Product pages are also the highest-converting pages on any e-commerce site, which makes them the riskiest place to experiment. The brand's digital team didn't want a rebuild of their PDP. They wanted to know whether a version of conversational commerce could be validated quickly and cheaply before they committed production resources to it. Real enough to generate behavioural signal from real users, without requiring platform-wide changes.
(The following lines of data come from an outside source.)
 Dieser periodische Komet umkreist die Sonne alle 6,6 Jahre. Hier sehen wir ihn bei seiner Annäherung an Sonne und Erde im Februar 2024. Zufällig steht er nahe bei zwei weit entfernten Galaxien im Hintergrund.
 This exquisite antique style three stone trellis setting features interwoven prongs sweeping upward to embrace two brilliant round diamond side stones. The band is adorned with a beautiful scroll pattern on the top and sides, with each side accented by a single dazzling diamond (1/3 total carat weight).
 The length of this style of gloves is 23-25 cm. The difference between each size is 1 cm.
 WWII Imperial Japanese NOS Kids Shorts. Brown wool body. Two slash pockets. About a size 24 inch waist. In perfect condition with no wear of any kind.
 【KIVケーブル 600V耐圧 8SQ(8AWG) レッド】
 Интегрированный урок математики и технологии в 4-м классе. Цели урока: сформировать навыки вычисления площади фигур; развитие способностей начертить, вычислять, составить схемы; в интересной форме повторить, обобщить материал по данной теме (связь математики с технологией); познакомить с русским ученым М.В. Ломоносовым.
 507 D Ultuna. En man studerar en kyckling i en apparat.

The harder problem was the AI itself. Keyword search works fine when someone types "black running shoes size 10." It fails when someone types "comfortable shoes for walking around a new city for a few days." Those queries describe products that overlap, but they don't share a single keyword. The system had to understand what the shopper meant, not what they said.
What we learned
| Product pages froze in 2010 | Hero image, tabs, size selector — the interface stopped evolving while user expectations of software kept moving. |
| PDPs are the riskiest experiment | The highest-converting pages on any e-commerce site are the worst place to break something to learn. |
| Keywords miss intent | 'Comfortable shoes for walking around a new city' shares no keywords with the products it should return. |
The solution
We built a working prototype of a conversational product discovery layer embedded directly within the existing product detail page — no changes to the underlying e-commerce platform — deployed and user-tested in under six weeks.
Three architecture decisions did the heavy lifting. The conversational interface sits on top of the existing PDP, not in place of it. The familiar layout stays. The conversation appears as an optional layer. Shoppers who prefer browse-and-filter can ignore it; those who engage get progressively deeper interaction as they ask more questions. The component is headless — deployable on any product detail page without touching the underlying platform. That meant the prototype could be tested in isolation, and a future production version could roll out page by page or per A/B segment without a platform-wide deployment.
On the backend, two technical choices shaped everything. Pinecone for semantic product matching: every product in the catalogue stored as a vector embedding, so natural-language queries find the closest semantic matches regardless of keyword overlap. Sub-500ms query latency, fast enough that the interaction feels like a real-time dialogue rather than a database lookup. LangGraph for conversation state management: the assistant remembers what you've said, builds on your preferences, and treats a follow-up as a continuation rather than a new search. LangGraph also coordinated multi-step orchestration when a shopper asked a comparison question, retrieving information about multiple products and evaluating them against the stated criteria.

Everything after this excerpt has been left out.